If you ever end up in a managerial position at work, or better yet, if you want a smoother working relationship with your team, I would pay very close attention as to how you’re communicating with team members.
Most of the time, you want to play with folks side by side, not a “I’ll tell you what to do” type of relationship. The latter ends up poorly except in the case where the person being told what to do is entirely submissive and has no issues with long task lists. This might be fine for an intern, but even then, I anticipate them ramping up after a short time.
The root of this issue seems to come from written or spoken statements, which usually aren’t purposefully destructive or intentionally harmful but have somehow become the norm in the working world. They’re cunningly disguised.
“Hey, is there any chance you can [action]?”
which really means: “Can you do this now? I’d like this done, you’re the one to do it, and I’m banking on the fact that you’ll agree with me.”
“Hey, it would be great if you can [action].”
which really means: “Can you do this now? I don’t want to sound mean but please do this.”
“Hey, we should start doing [action].”
which really means: “I don’t think I have time to do this, but can you get started on it?”
“Hey, should we start doing [action]?”
which really means: “I don’t think I have time to do this, and I’m implicitly thinking you’ll pick up on the fact that we need this soon (now) and you should get started on it.”
“Hey, do you have time to do [action].”
which really means: “Can you do this as soon as possible?”
Maybe I’m exaggerating slightly, but for the most part, I’m not. The context of the ask is important. These phrases by themselves are not intended to harm or assume immediate action, but if they are casually dropped in at the end of a discussion or even worse, without any discussion, I can guarantee you that in the long run, you will have poor or no team dynamics. Even if they aren’t designed to harm, they can be interpreted differently given team “hierarchy” dynamics.
For many of these phrases, or “asks” as you could call them, they’re really all cleverly softened phrases that essentially ask you do something for them. This is a one-way street. A wants B to do something. B is allowed to fight back, but the result of cancelling A’s request are a toss up. These are essentially nicer ways to say “do this”.

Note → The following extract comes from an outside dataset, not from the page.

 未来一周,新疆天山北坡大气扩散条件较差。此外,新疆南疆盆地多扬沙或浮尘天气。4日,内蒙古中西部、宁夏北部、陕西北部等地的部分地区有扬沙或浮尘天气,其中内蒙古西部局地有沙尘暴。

Instead of these phrases, why don’t we bring these things types of things early, often, and clearly to team members to include them as a viable partners in crime?

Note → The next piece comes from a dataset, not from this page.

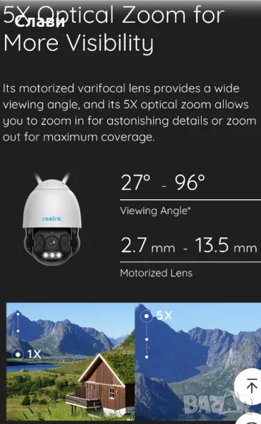 5X ОПТИЧНО УВЕЛИЧАВАНЕ И 3D УВЕЛИЧАВАНЕ: Подобрете изживяването си при гледане на живо с иновативната функция за 3D увеличение, която позволява незабавен фокус върху определени области без многократно щракване. Сега можете без усилие да уловите и поставите целта си в центъра на екрана.

“Hey, so I’m sure you’ve heard we’re working on initiative W a couple weeks back. I’m running point on sales and meeting with some biz-dev folks, and because you’re our head of analytics, you’re in the perfect position to help me understand A, B, and C.
Before we take this any further, I’d love to hear your take on this, and whether or not you think it’s a priority in the larger scheme of things. We can async offline or grab 30-min chat so I can get your expertise on this. What do you think?”

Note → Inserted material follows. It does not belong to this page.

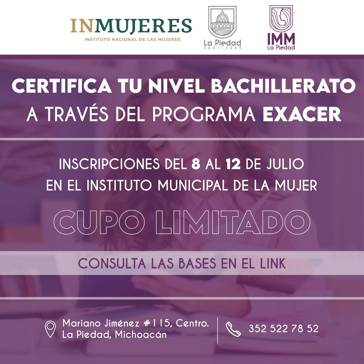La Piedad, Michoacàn a 04 de Julio del 2024.- Con la finalidad de fomentar el acceso educativo de las mujeres, el Gobierno Municipal de La Piedad, a través del Instituto Municipal de la Mujer y en aplicación del programa PROABIM, abren convocatoria para la certificación de nivel bachillerato a mujeres que tengan este nivel de estudios inconcluso.

The difference in this type of communication is that they have a SAY in the whole matter. You are asking for their expertise. Their time is valuable. You aren’t pre-committing them to anything. If they deem it a worthwhile venture, then surprise, you’ve influenced one of your teammates to help fight alongside of you. If not yet convinced, you at least open the door for conversation. It’s not an immediate ask. Nothing is one fire.
This also goes to say there must be good thinking to back whatever initiative W is. If the initiative isn’t well thought out, completely idiotic, or is just full of operational gaps, you’re setting yourself and your team up to fail. Try pitching it to yourself several times before you bring it to the folks who have the expertise you’re looking for.
Let’s bring back longer, more thoughtful lines of communication.